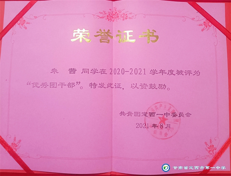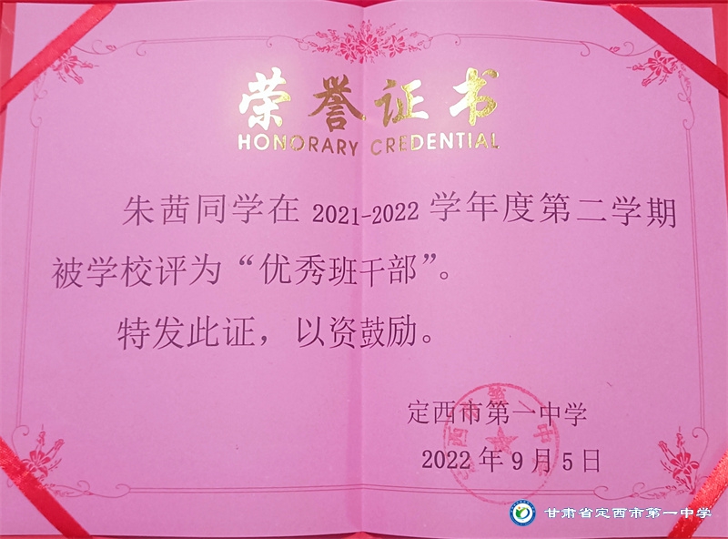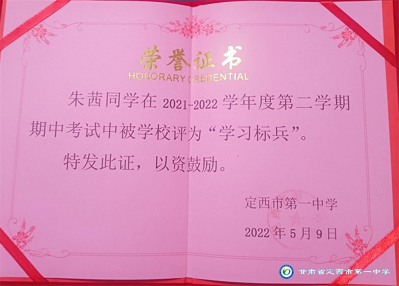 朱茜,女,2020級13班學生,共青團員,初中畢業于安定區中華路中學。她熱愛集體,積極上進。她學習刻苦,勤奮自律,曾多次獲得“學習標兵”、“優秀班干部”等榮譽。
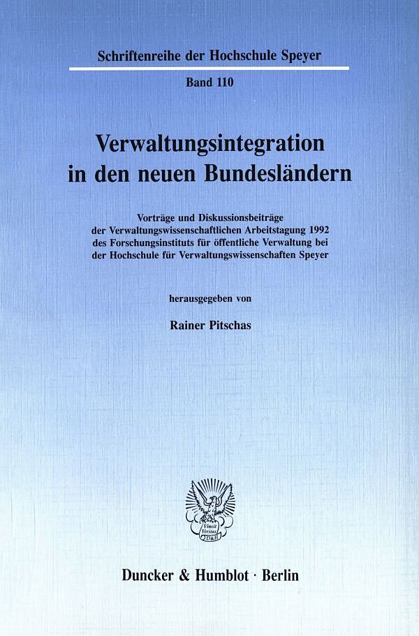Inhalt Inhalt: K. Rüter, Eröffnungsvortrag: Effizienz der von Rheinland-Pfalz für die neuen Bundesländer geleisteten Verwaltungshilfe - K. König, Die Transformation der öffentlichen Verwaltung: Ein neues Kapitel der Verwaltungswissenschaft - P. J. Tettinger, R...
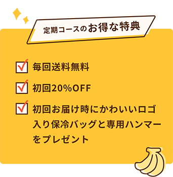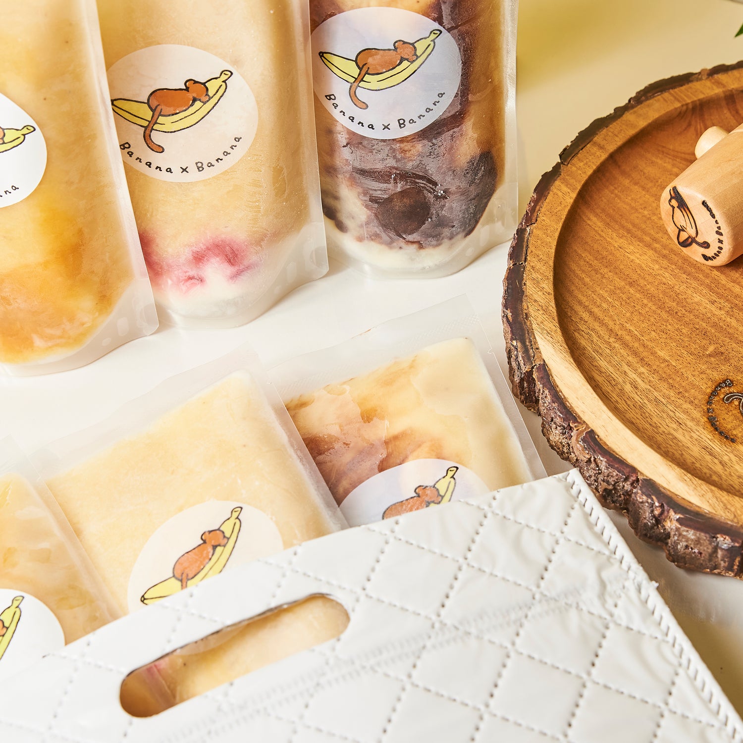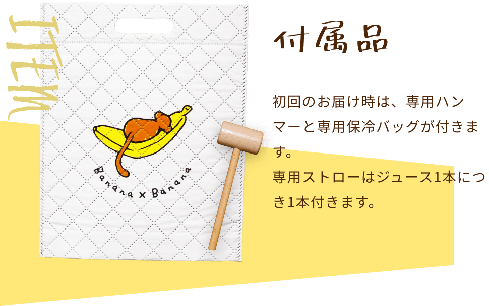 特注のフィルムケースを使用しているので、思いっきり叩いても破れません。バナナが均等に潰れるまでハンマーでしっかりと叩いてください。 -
──────────────────────────────
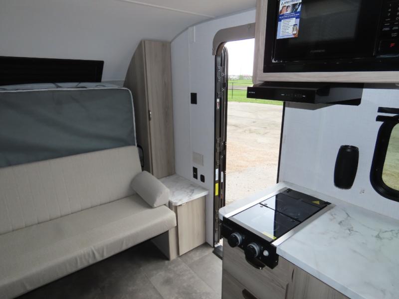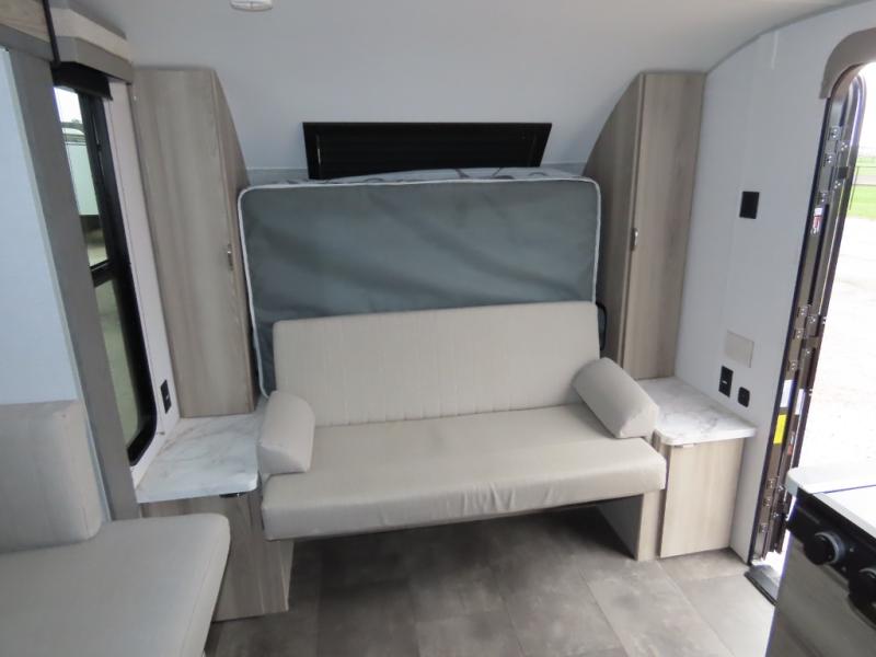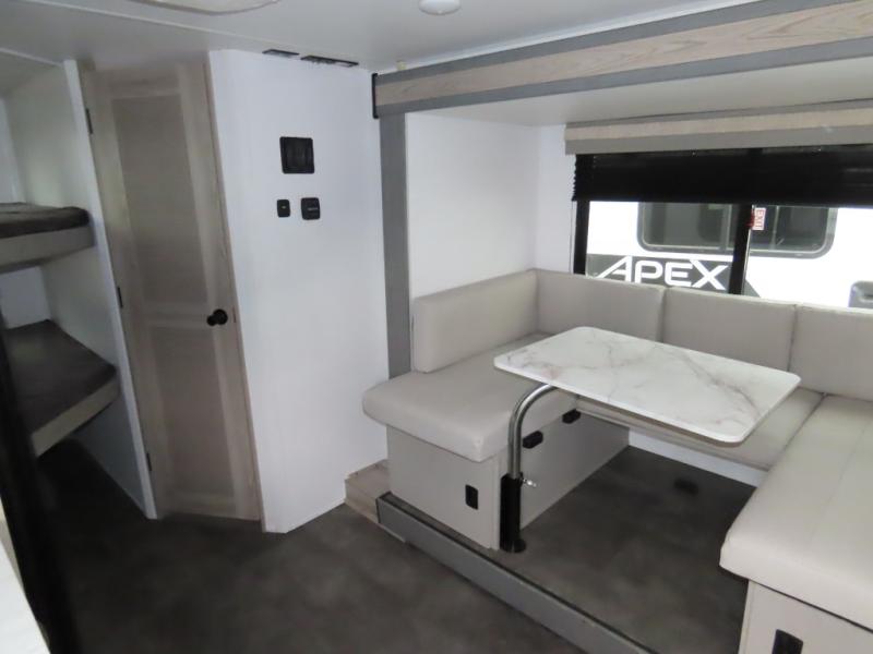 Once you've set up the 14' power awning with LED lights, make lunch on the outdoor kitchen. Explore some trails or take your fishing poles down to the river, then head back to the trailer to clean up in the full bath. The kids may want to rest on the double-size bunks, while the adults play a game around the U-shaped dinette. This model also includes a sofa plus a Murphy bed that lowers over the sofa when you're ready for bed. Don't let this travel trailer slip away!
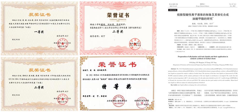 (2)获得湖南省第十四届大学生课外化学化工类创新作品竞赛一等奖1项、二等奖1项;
──────────────────────────────
■ GOAL OF THE EXERCISE
Given the entries above, transcribe exactly the lines from the one holding "Inhalt Inhalt: K." through the one holding "特注のフィルムケースを使用し"; pictures do not belong in the transcription.

■ ANSWER TO THIS EXERCISE
Inhalt Inhalt: K. Rüter, Eröffnungsvortrag: Effizienz der von Rheinland-Pfalz für die neuen Bundesländer geleisteten Verwaltungshilfe - K. König, Die Transformation der öffentlichen Verwaltung: Ein neues Kapitel der Verwaltungswissenschaft - P. J. Tettinger, R...
 特注のフィルムケースを使用しているので、思いっきり叩いても破れません。バナナが均等に潰れるまでハンマーでしっかりと叩いてください。 -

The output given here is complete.